Task brief:
From the data below, set down exactly the lines between the one holding "Чоловіча сумка на" and the one holding "为弘扬中华优秀传统文化,丰富", inclusive, and no others.

The records:

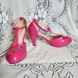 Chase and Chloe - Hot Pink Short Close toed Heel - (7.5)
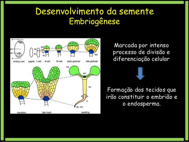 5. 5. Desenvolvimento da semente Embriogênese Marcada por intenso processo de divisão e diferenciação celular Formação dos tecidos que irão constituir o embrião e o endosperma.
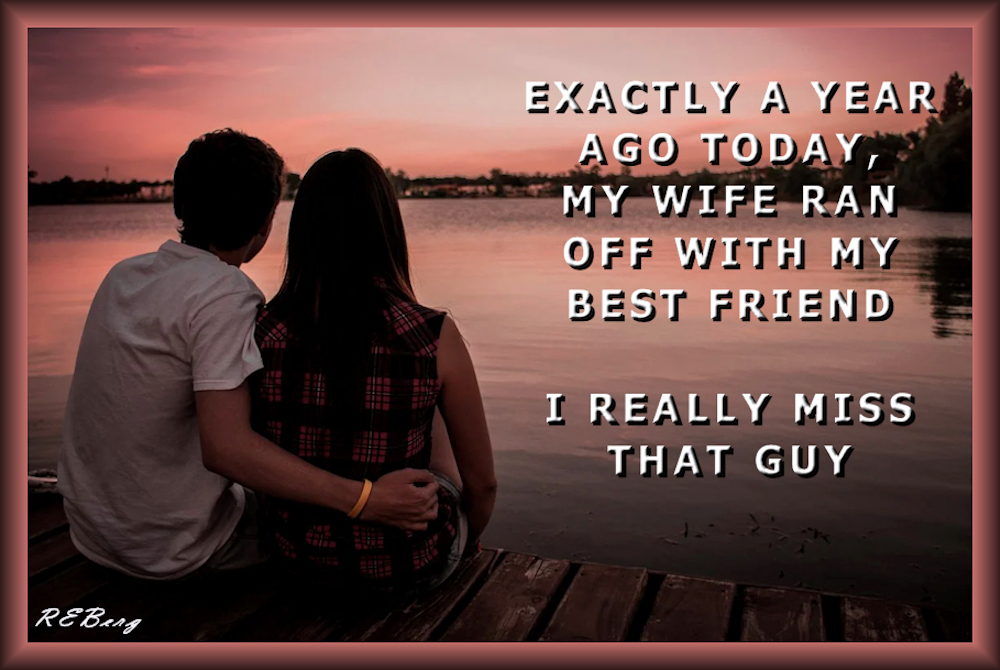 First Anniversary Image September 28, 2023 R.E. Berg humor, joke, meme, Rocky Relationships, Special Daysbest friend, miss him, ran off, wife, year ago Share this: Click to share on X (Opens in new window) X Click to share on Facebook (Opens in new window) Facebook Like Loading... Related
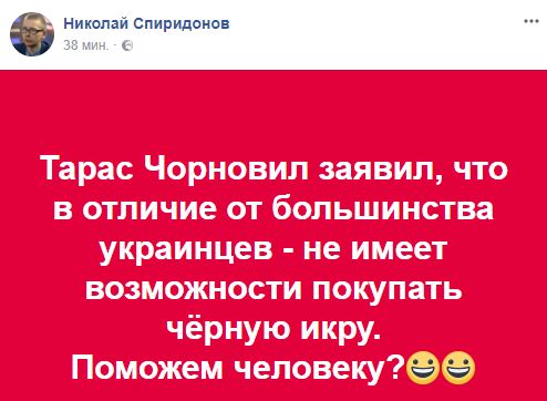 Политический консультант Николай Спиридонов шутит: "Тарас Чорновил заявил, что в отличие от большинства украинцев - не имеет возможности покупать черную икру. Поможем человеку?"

...

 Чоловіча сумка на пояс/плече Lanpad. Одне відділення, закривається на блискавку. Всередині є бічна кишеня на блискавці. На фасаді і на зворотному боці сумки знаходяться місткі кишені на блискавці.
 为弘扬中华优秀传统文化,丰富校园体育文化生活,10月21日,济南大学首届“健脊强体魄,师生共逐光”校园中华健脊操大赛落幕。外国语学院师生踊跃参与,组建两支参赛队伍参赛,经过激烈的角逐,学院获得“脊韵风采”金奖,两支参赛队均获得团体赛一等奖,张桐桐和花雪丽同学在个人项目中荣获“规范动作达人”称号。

Solution to this exercise:
 Чоловіча сумка на пояс/плече Lanpad. Одне відділення, закривається на блискавку. Всередині є бічна кишеня на блискавці. На фасаді і на зворотному боці сумки знаходяться місткі кишені на блискавці.
 为弘扬中华优秀传统文化,丰富校园体育文化生活,10月21日,济南大学首届“健脊强体魄,师生共逐光”校园中华健脊操大赛落幕。外国语学院师生踊跃参与,组建两支参赛队伍参赛,经过激烈的角逐,学院获得“脊韵风采”金奖,两支参赛队均获得团体赛一等奖,张桐桐和花雪丽同学在个人项目中荣获“规范动作达人”称号。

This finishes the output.